East African traders want barriers removed

Kigali, Rwanda (Capital Markets in Africa):- East Africa’s private sector is pushing Rwanda and Tanzania to dismantle the remaining trade barriers according to the East African News. Importers and exporters alike say the barriers are negatively affecting the competitiveness of the Central Corridor by increasing transport costs as a result of delays.

These sentiments were voiced recently at a round-table organised by Rwanda’s Ministry of East African Community Affairs about the removal of non-tariff barriers along the Central Corridor. The corridor is a major import and export route for Burundi, Rwanda, Uganda and the Democratic Republic of Congo (DRC).

On average, it costs USD 4,990 to import a 20-foot container into Rwanda but less in Burundi, Uganda, Kenya and Tanzania. Some of the high costs have been blamed on Rwanda. The country, seen as the champion of seamless flow of goods and movement of people, has been singled out for having too many police check-points.

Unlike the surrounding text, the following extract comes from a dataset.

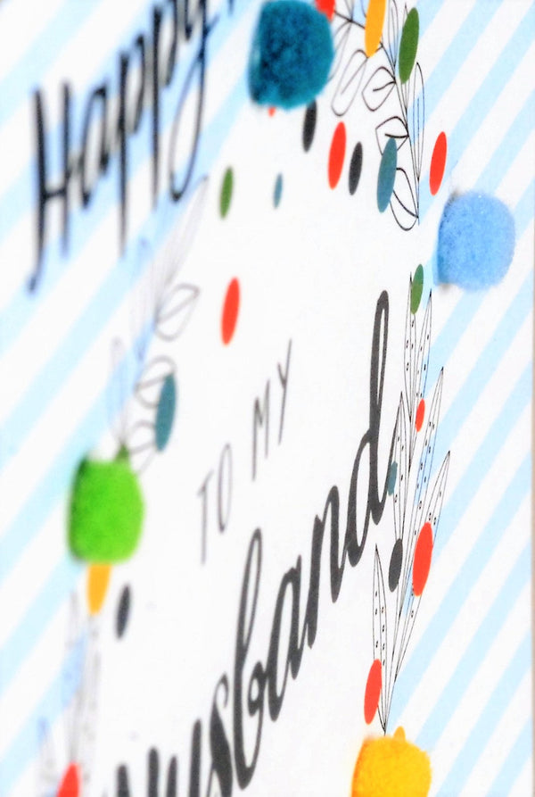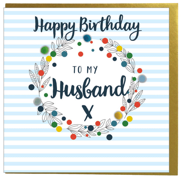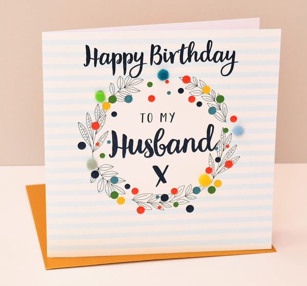 A fantastic modern greeting card to wish your wonderful Husband a very happy birthday. The card has a blue striped background with a colourful laurel and polka dot design. It is embellished with bright pompoms and printed on high quality white FSC accredited board with a bright gold envelope.

The Rwandan authorities have also been accused of stopping cargo trucks from entering Kigali City from 4pm to 9pm, which has reduced the turnaround time of cargo transport and contributes to supply gaps.

It is estimated that Rwanda has 15 police check-points while Tanzania has eight. Rwanda National Police spokesman Celestin Twahirwa however said the police checks were in good faith.

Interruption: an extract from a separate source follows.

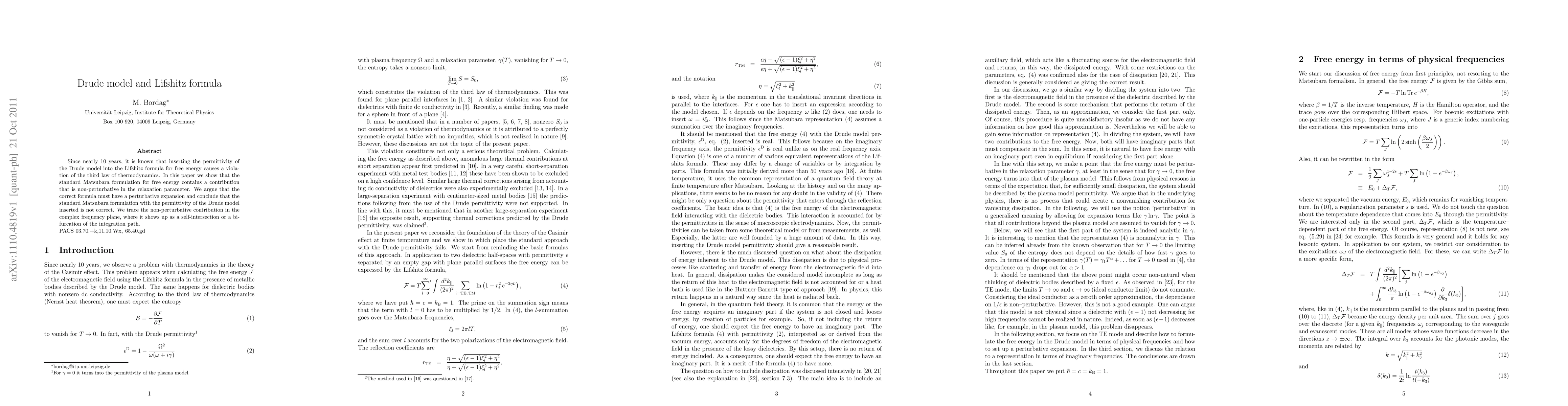 Since nearly 10 years, it is known that inserting the permittivity of the Drude model into the Lifshitz formula for free energy causes a violation of the third law of thermodynamics. In this paper we show that the standard Matsubara formulation for free energy contains a contribution that is non-perturbative in the relaxation parameter. We argue that the correct formula must have a perturbative expansion and conclude that the standard Matsubara formulation with the permittivity of the Drude model inserted is not correct. We trace the non-perturbative contribution in the complex frequency plane, where it shows up as a self-intersection or a bifurcation of the integration path.

Bureaucracy in Tanzania has remained a concern to the business community, which says it impedes the free flow of goods and services. Critics say it costs the Dar es Salaam port a lot of business opportunities as loyal clients go elsewhere.

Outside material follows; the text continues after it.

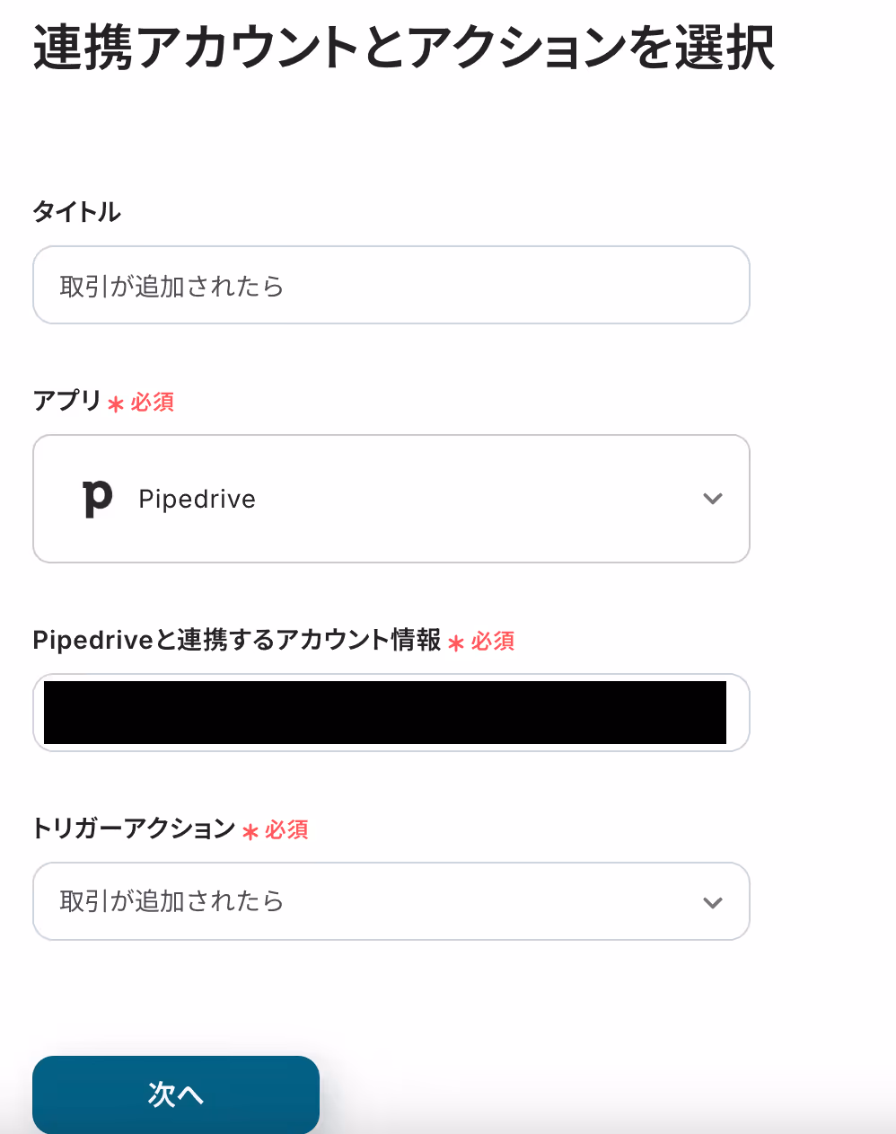 連携アカウントとアクションを選択の設定は、以下を確認後、次へをクリックしましょう。

The port, which historically used to handle 80% of the goods being shipped to and from Rwanda, has seen a systematic dip in cargo handled which has now settled at 60% in 2014, signalling importers and exporters are nervous about the impediments to trade. However, the cost of moving cargo through the corridor could drop as countries along the route move to break the barriers to trade.

Rwanda’s Minister of East African Community Affairs Valentine Rugwabiza said Rwanda and Tanzania will continue to engage both at the bilateral and regional level to address the challenges traders who use the corridor face.

Tanzania had removed 53 police roadblocks, which had become bribery points, by December 2014 and reduced weighbridges by one to seven. Earlier, it reduced the road toll from USD 500 to USD 152 per truck per trip. It also removed the requirement of cash bonds for the transportation of sugar to Rwanda.

East African countries have made significant drives towards promoting trade ties and regional integration and we are of the opinion that the removal of non-tariff barriers and bureaucracy as mentioned above, is another good step to improve and promotion intraregional trade. Therefore,  should aim reinforce the region as a prime investment destination over the next decade.